Gateway Strategy & Fallback (Gateway ↔ Executor)
What is a Strategy?
In SightAI Gateway, a strategy defines the mandatory decision path for handling a request after the User API Key has been resolved to its Binding.
Exclusive: each request follows exactly one strategy path.
Specifies:
Routing behavior (which Provider Key / Channel is used).
Failure semantics (what to do on 4xx / 5xx / timeout / rate-limit).
Decision authority (Gateway vs. Executor).
Goals: auditable, predictable handling; fair attribution for Brokers and Users.
Rollout note: Strategy A is the default and must be supported first. Strategies B and C can be enabled progressively behind flags.
Available Strategies
A) Strict Binding, No Fallback (default)
Routing: Always use the bound Provider Key in the Binding.
Failure: Fail immediately — no intra-channel retries, no cross-channel substitution.
Decision: Enforced by Binding policy (default ON).
Use case: Broker protection, clean auditing.
Outcome: STRICT_OK / STRICT_FAIL.
B) Intra-Channel Fallback (Executor-driven)
Routing: The Executor may attempt substitute keys within the same Channel.
Modes:
KEYSET_ONLY (recommended default): only keys under the same Provider Account.
CHANNEL_WIDE (optional): any healthy key in the Channel (may change attribution).
Failure: If (limited) retries are exhausted, return failure.
Decision: Requires Provider permission and User opt-in; concrete attempts are performed by the Executor.
Outcome: INTRA_OK / INTRA_FAIL.
C) Cross-Channel Fallback (Gateway-orchestrated)
Routing: If the primary Channel fails, the Gateway may attempt one backup Channel.
Failure: If the backup fails, stop — no second cross-Channel attempt.
Decision: Requires Provider permission and User opt-in.
Constraint: Backup must be in the intersection of Provider and User allow-lists.
Outcome: XCHANNEL_OK / XCHANNEL_FAIL.
Configuration
Provider Config (capability / upper bounds)
# Intra-channel fallback capability
intraChannelFallback: OFF | KEYSET_ONLY | CHANNEL_WIDE # default: OFF
# Cross-channel fallback capability
crossChannelFallback:
enabled: false # default: false
allowList: [] # e.g., ["azure-openai"]
# Platform caps (non-configurable by tenants)
platformCaps:
intraMaxRetries: 1 # typical default cap
Notes
Provider grants permission, not obligation. Users still decide whether to use these capabilities.

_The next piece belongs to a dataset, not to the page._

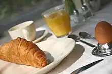 | petit déjeuner continental \pə.ti de.ʒœ.ne kɔ̃.ti.nɑ̃.tal\ |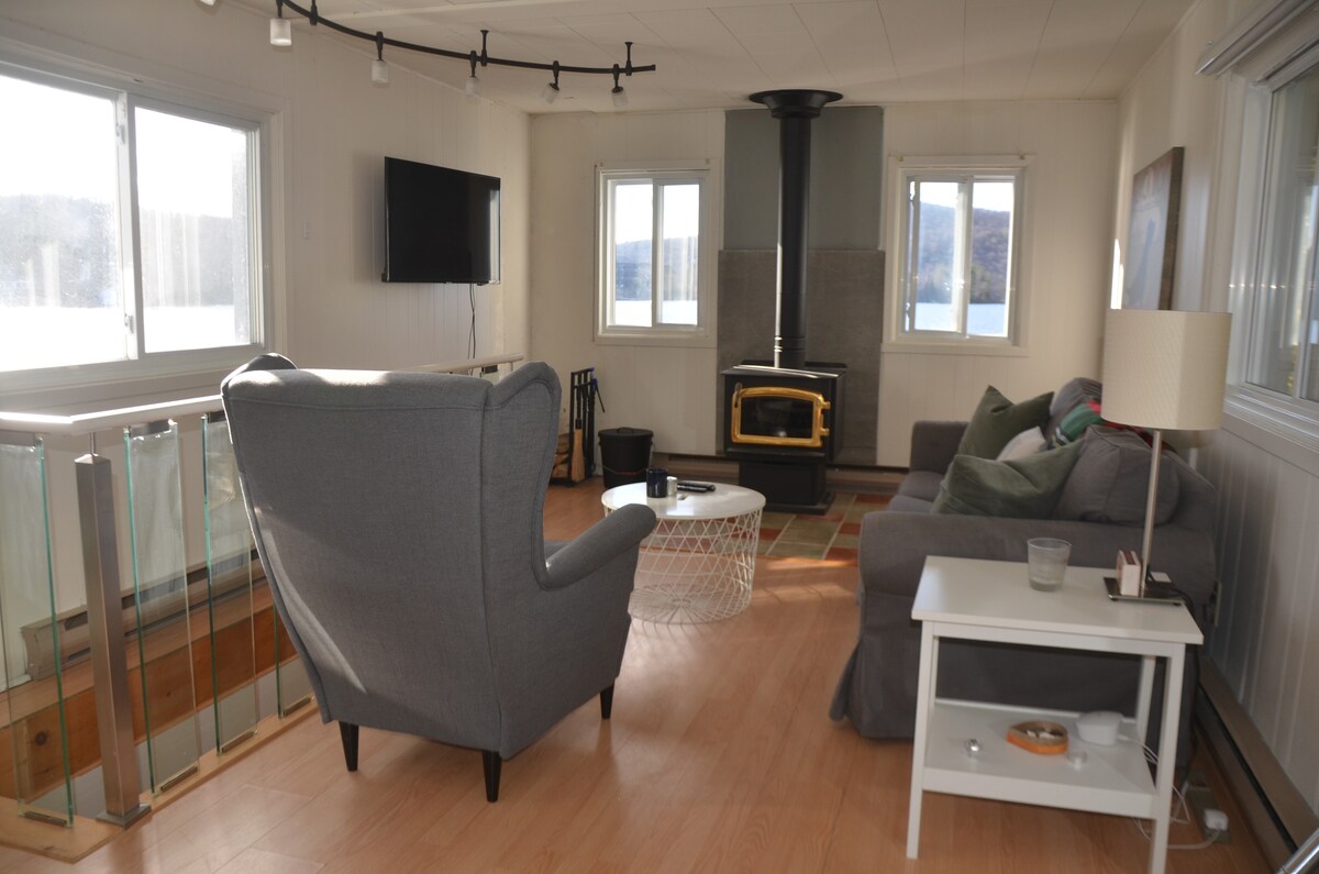 Þessi einstaka eign er við hliðina á vatninu, vatn á 23 hliðum yfirbyggða pallsins. Notalegt, rómantískt frábært útsýni og ótrúlegt sólsetur sem snýr í suður svo að sólin skín allan daginn. Svefnherbergi með 8'veröndardyrum sem horfa út á vatnið og einkaveröndina þína. Heitur pottur í 15 skrefa fjarlægð. Aðalhæð er með fullbúið eldhús, tvær borðstofur, eitt með útsýni yfir vatnið. Hundar (hljóðlátir og ekki árásargjarnir) velkomnir. CITQ #298403

Platform may cap attempts (e.g., 1 intra-Channel retry) to protect latency.
User Config (choice within Provider’s permission)
strictBinding: true # default: true
allowIntraChannel: false # default: false
allowCrossChannel:
enabled: false # default: false
preferredBackup: null # e.g., "azure-openai"
Effective policy = intersection of Provider and User configs.
Request Lifecycle & Control Flow
Entry & Preparation
Gateway receives request (with User API Key).
Binding resolution: Look up Binding from cache (incl. bindingVersion); cache-miss triggers authoritative fetch + fill.
Collect configs:
Provider: intraChannelFallback, crossChannelFallback.enabled/allowList.
User: strictBinding, allowIntraChannel, allowCrossChannel.enabled/preferredBackup.
Compute Effective Strategy:
If strictBinding = ON ⇒ Strategy A directly.
Else:
Effective Intra = Provider permits AND User allows (mode per Provider).
Effective Cross = Provider permits AND User allows AND backup ∈ both allow-lists.
Attempt budget: at most 2 total upstream attempts per request (Primary 1 + Cross-Channel backup 1).
Time budget: each attempt has its own upstream timeout; intra-Channel retries must finish within Executor’s overall time budget.
Step 1 — Primary Attempt
Gateway calls the bound Provider Key / Channel via the Channel’s Executor.
On success → return immediately.
Outcome: STRICT_OK (strategy A) or simply “success” before any fallback is considered.
On failure → branch by effective policy.
Branch A — Strict Binding (default)
Triggers:
strictBinding = ON, or
Effective Intra = false and Effective Cross = false.
Behavior:
Executor MUST NOT swap keys within Channel.
Gateway MUST NOT attempt any backup Channel.
Return failure immediately.
Outcome: STRICT_FAIL (error class e.g., STRICT_KEY_UNAVAILABLE or upstream passthrough).
Branch B — Intra-Channel Fallback (Executor)
Triggers (after primary fails):
Effective Intra = true.
Behavior:
Executor tries limited substitutions within the same Channel:
KEYSET_ONLY (same Provider Account) — recommended to preserve Broker attribution.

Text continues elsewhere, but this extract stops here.